Horror games have a very specific appeal to a certain subset of gamers. Visual Novels have a very specific appeal to a certain subset of gamers. Thus, The Letter: A Visual Horror Novel, you may be surprised to learn, is most definitely a niche title. However, for that small audience, it’ll most certainly provide several hours of intrigue and genuine thrills.
The Letter: A Visual Horror Novel’s installation size – weighing in at 1.74GB on Xbox Series X (version tested) – is predominantly occupied by the high-resolution artwork featured in the game. And boy, is it pretty. A somewhat generic anime styling is complimented by some elegant animation and visual effects. But, of course, given that The Letter: A Visual Horror Novel is, as the title suggests, a visual novel, you would hope that it at least gets the visual part right.
The story has you play as several different characters, each with their own chapter. The first, Isabella, is a real estate agent attempting to sell a mansion. As she explores the property to prepare for her selling efforts, she discovers a strange letter. This sets in motion a series of very unexpected events.

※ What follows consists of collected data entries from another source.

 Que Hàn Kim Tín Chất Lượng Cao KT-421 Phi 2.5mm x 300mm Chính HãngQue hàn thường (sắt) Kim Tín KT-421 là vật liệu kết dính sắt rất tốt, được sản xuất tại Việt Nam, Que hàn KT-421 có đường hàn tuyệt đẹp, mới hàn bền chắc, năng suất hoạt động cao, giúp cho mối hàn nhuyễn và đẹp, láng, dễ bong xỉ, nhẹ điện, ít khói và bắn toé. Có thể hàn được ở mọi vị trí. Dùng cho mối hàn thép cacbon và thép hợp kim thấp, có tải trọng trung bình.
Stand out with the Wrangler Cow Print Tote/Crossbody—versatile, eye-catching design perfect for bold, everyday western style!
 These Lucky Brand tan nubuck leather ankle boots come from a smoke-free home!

You will also take on the roles of several of the characters Isabella meets during her story. Playing through the chapters as different characters allows the player to experiment with many different personalities. This is important to the way in which the game unfolds. The decisions players make and how they engage with other characters will affect the path taken through the storyline. Yes, there is a branching story. And for completionists The Letter: A Visual Horror Novel provides a tree to showcase each decision point. When revisiting it’ll signpost you took a turn that could otherwise have led the plot in a different direction. However, the developers have seen wise to label this as a potential spoiler pitfall; view it at your own risk!
Other in-game menu options allow you to view past conversations and notes, as well as the relationship status of the playable characters to everyone else in the game. This, combined with the plot tree, will allow players to determine how they could behave differently to encounter alternative elements of the plot. It’s a well-developed system that does encourage replay.

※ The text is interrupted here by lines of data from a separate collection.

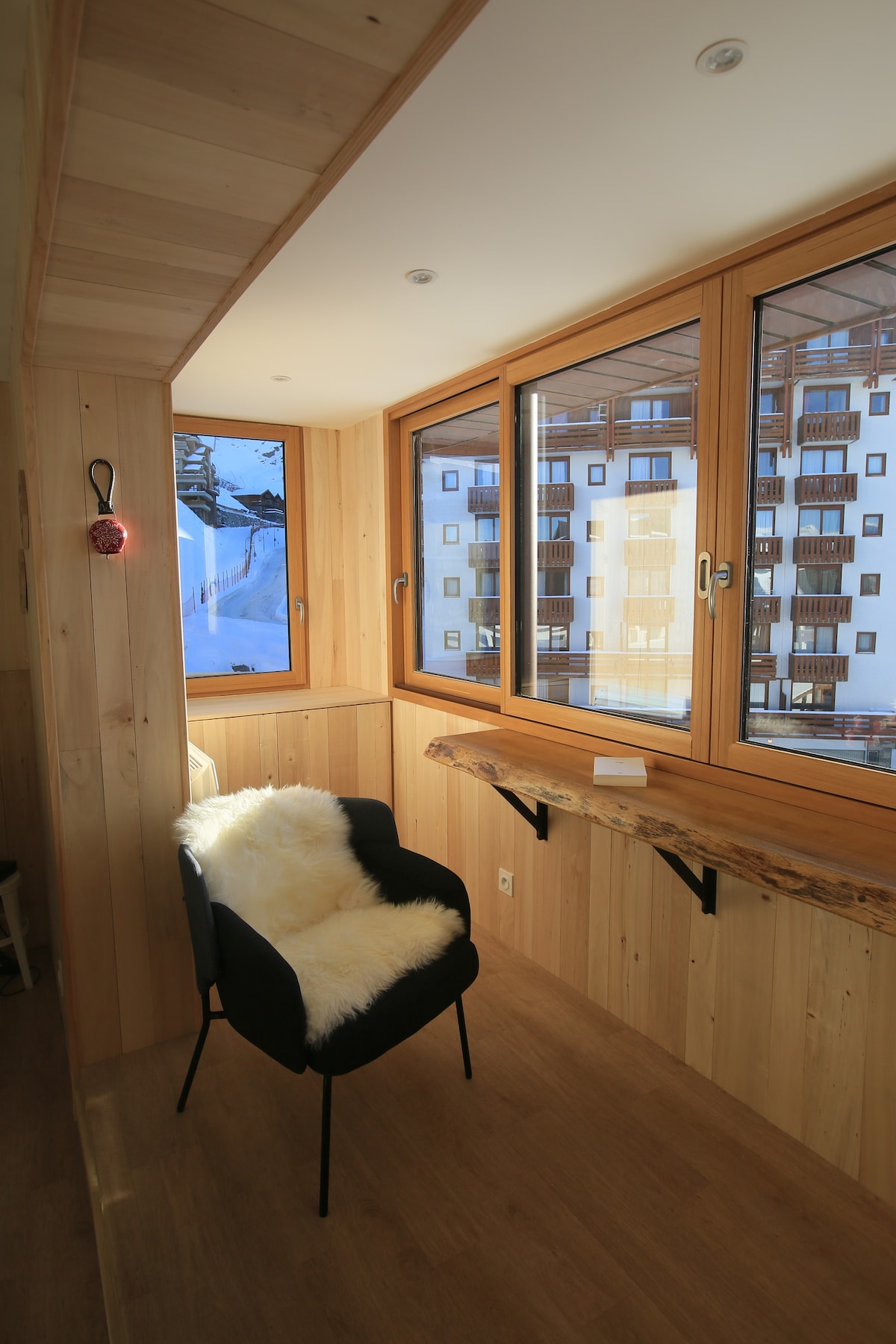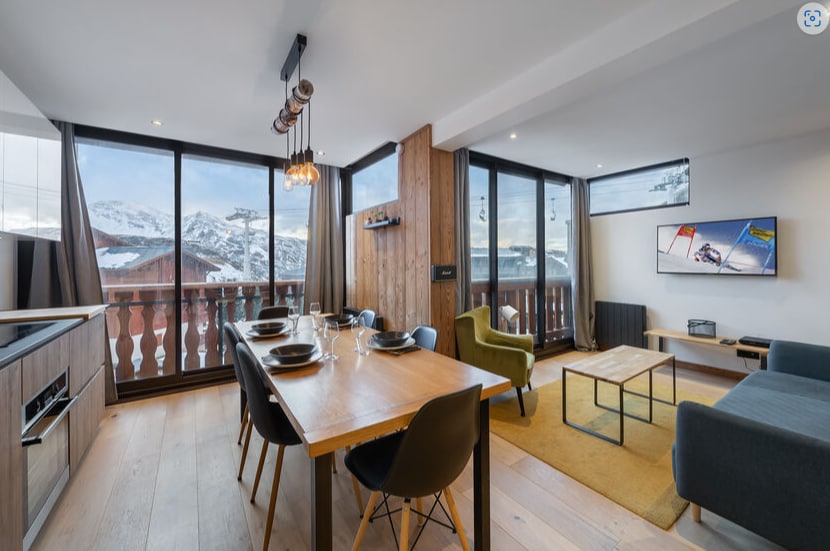 Luxurious 25 m2 studio fully renovated in 2022 (4 guests) is ideally located in the center of the station of Val Thorens ; just at a few meters of all shops, ski schools and rental centers. The residence is located on the main street; however the studio, at the 3rd floor, is oriented to the mountains and so is protected from the noise of the street by triple glazed windows. • REAL Ski in Ski out • Household linen included. The beds are made for your arrival • WIFI • Disney+ , Eng ch. • Ski box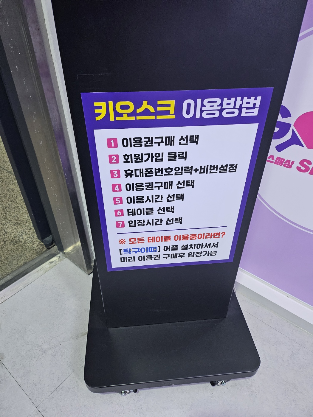 중간에 화장실 다녀오시려면 키오스크 화면에서 탁구장 입장(문열기) 선택후 핸드폰번호나 비밀번호 입력 후 입장이 가능해요.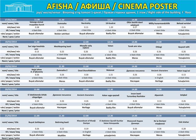 Фильмы демонстрируются на узбекском, русском и английском языках каждый день, кроме выходных с 11:00 до 16:00. Киноцентр находится на 1 этаже библиотеки с правой стороны и имеет 45 посадочных мест. Основная цель- демонстрация тематических фильмов и видеоресурсов образовательной и познавательной направленности. Все фильмы демонстрируются бесплатно.Подробнее о репертуаре киноцентра можно узнать из нижеприведенной еженедельной афиши.
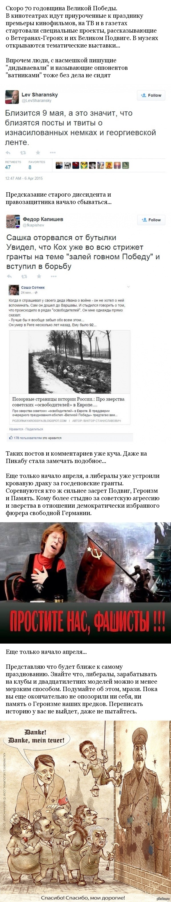 Мне вот интересно, придурки, вы зачем это делаете? Ладно там всякие Сотники, Кохи, Шендеровичи и Мальдон получают за это доллары. Но вы-то что с этого имеете? Или вы действительно получаете удовольствие, обливая помоями тех, кто сражался за вас? Там ведь и ваши деды были. Или ваши были по другую сторону фронта?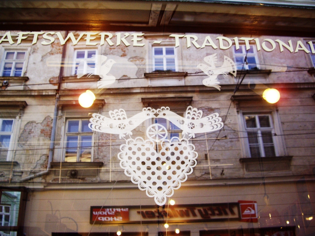 向かいの建物が映ってしまって見辛いですが、オロモウツで見かけたお店のウィンドーには、鳩とハートのかわいい紋切り型が飾ってありました。
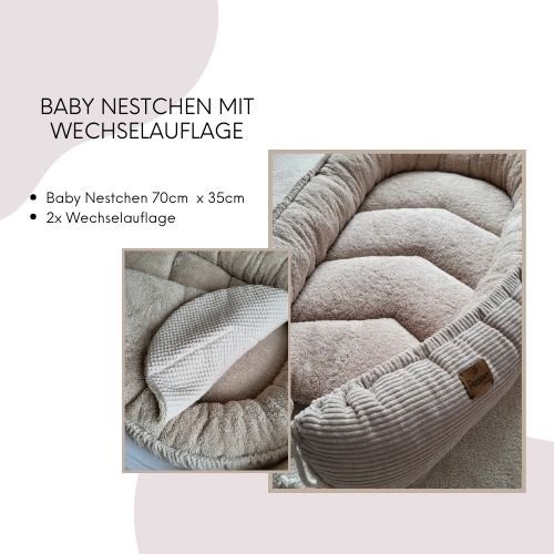 In dem Paket hast du die komplette Wickelauflagenset und Baby Nestchen mit 2x Wechselauflagen.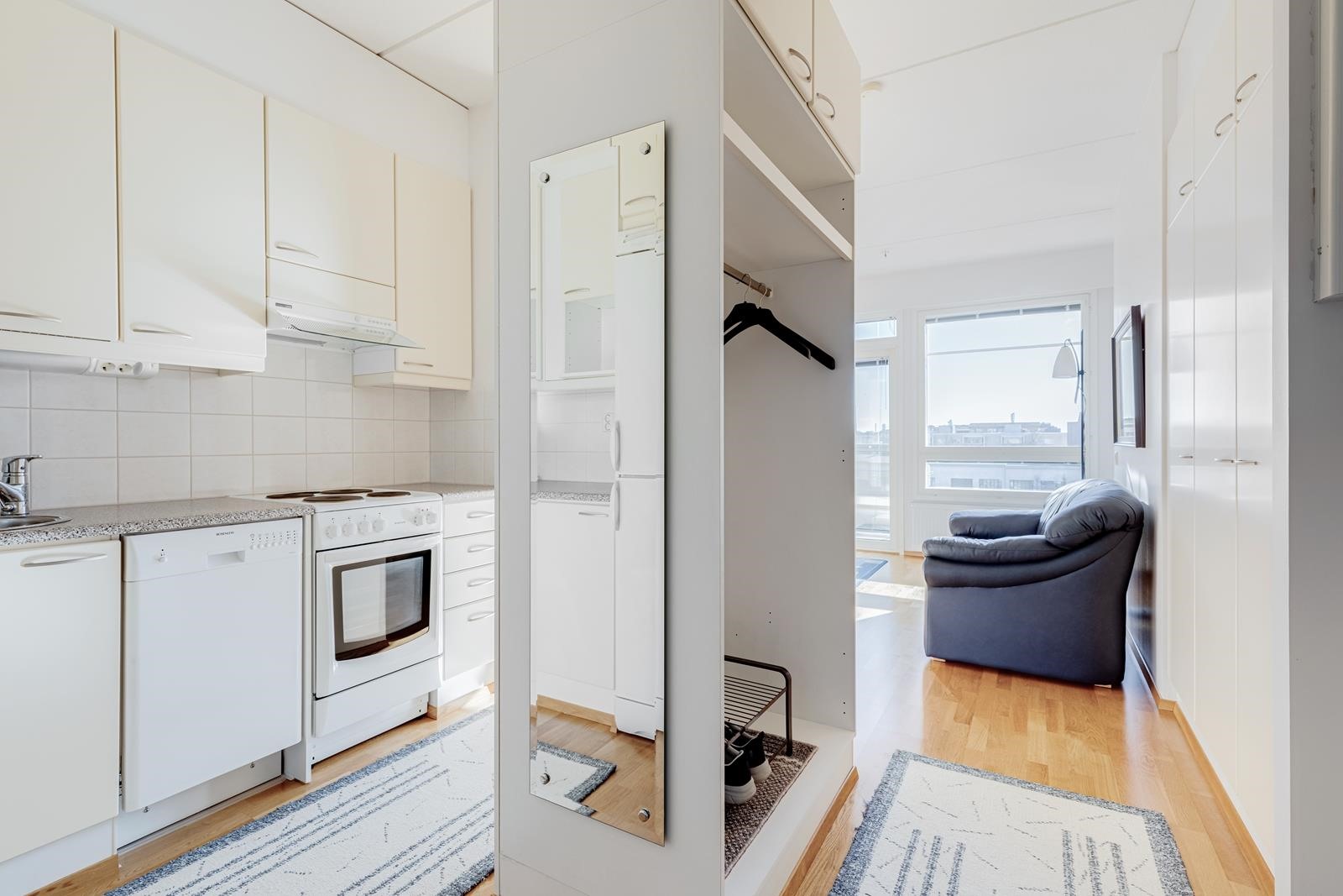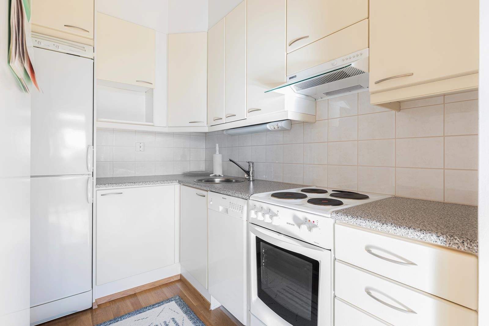 - Jääkaappipakastin, sähköliesi, liesituuletin, astianpesukone.

Outside of the relationships and decision making, the only other gameplay mechanic to speak of is a series of QTEs. They add some meaningful bulletpoints to the plotline. QTEs are not to everyone’s liking, though. And so they can be made easier or turned off entirely for those who simply want to enjoy the story. This is a nice touch, as the QTE difficulty can vary wildly, but their infrequency hardly places too many demands on the player. The Letter: A Visual Horror Novel is about playing a role predominantly and is certainly not an action orientated experience.
Playing through the story multiple times from different characters perspectives is very interesting. Over the course of the first three of four chapters you’ll get to know the timeline intimately. However, beyond that The Letter: A Visual Horror Novel starts wearing a bit thin. The characters start feeling somewhat one-dimensional and the scares become lukewarm at best. It’s a shame, as this is additional content the developers have devised to offer value for money, but for many the opening chapters of The Letter: A Visual Horror Novel alone would be enough to satisfy their purchase.
The Letter: A Visual Horror Novel ticks all of the right boxes. It’s a gorgeous and occasionally horrifying visual novel, with a number of unique touches that make it stand out. It’s not going to convince Resident Evil fans that this is a better way to do horror, nor will it convert romance novel fans to the genre. But for that niche that crosses both horror and visual novels, The Letter: A Visual Horror Novel is an easy recommendation.